In deze zaak heeft de Centrale Raad van Beroep op 1 februari 2017 uitspraak gedaan in hoger beroep tegen een eerdere uitspraak van de rechtbank Rotterdam. De zaak betreft een geschil tussen appellante, een studente, en de Minister van Onderwijs, Cultuur en Wetenschap over de herziening van haar studiefinanciering en de oplegging van een bestuurlijke boete. De minister had de studiefinanciering van appellante herzien en haar aangemerkt als thuiswonende studerende, wat leidde tot een terugvordering van te veel ontvangen studiefinanciering. Daarnaast werd er een bestuurlijke boete opgelegd op basis van bevindingen van een huisbezoek dat was uitgevoerd door controleurs van een privaat bedrijf.
De rechtbank had het beroep van appellante ongegrond verklaard, maar in hoger beroep heeft de Raad geoordeeld dat de bevindingen van het huisbezoek, die mede waren verricht door een onbevoegde controleur, als bewijs ontoelaatbaar zijn. De Raad oordeelde dat het toezicht op de naleving van de Wet studiefinanciering 2000 (Wsf 2000) een overheidstaak is en dat het verlenen van toezichthoudende bevoegdheden aan personen buiten de overheid met terughoudendheid moet gebeuren. Aangezien de bevindingen van het onderzoek onrechtmatig verkregen waren, was er onvoldoende feitelijke grondslag voor de boete.

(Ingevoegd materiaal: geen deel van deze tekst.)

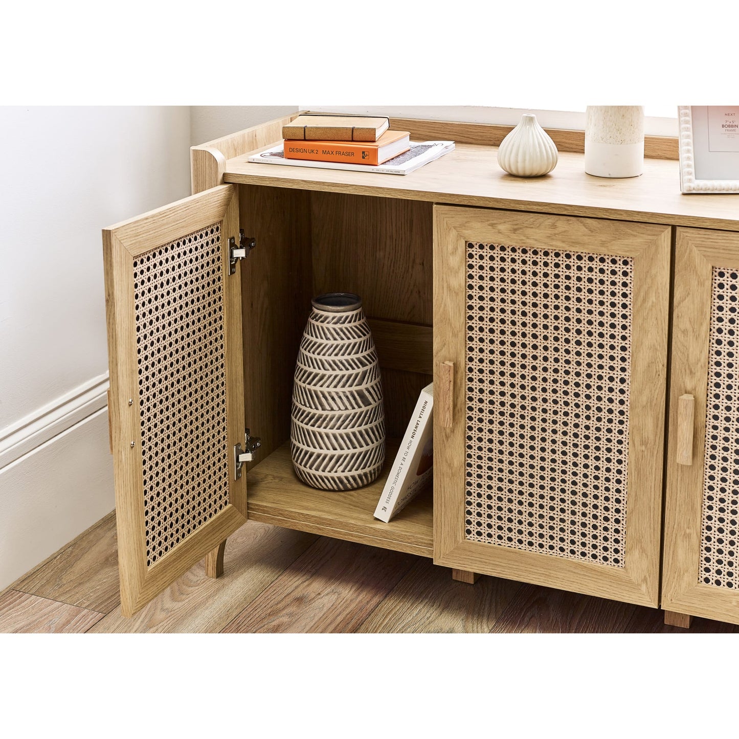 Showcasing a beautifully sleek design with a bohemian feel, the Sydney 3 Door Sideboard offers exquisitely curved edging accompanied by a raised lip around the edge providing a practical addition, stunningly combined with a rattan-effect sticker front. Finished with a natural oak effect featuring three cupboards with built-in shelving allowing you to store key necessities plus extra space on top to place ornaments. All around creating the perfect airy, warm feel within your home.

De Raad heeft de aangevallen uitspraak vernietigd voor zover deze de rechtsgevolgen van het vernietigde deel van het bestreden besluit in stand had gelaten en heeft het besluit van 16 augustus 2013 herroepen.
De minister is veroordeeld in de proceskosten van appellante, die zijn begroot op € 990,-. De uitspraak benadrukt het belang van rechtsbescherming en de noodzaak voor een zorgvuldige uitvoering van toezichtstaken door bevoegde autoriteiten.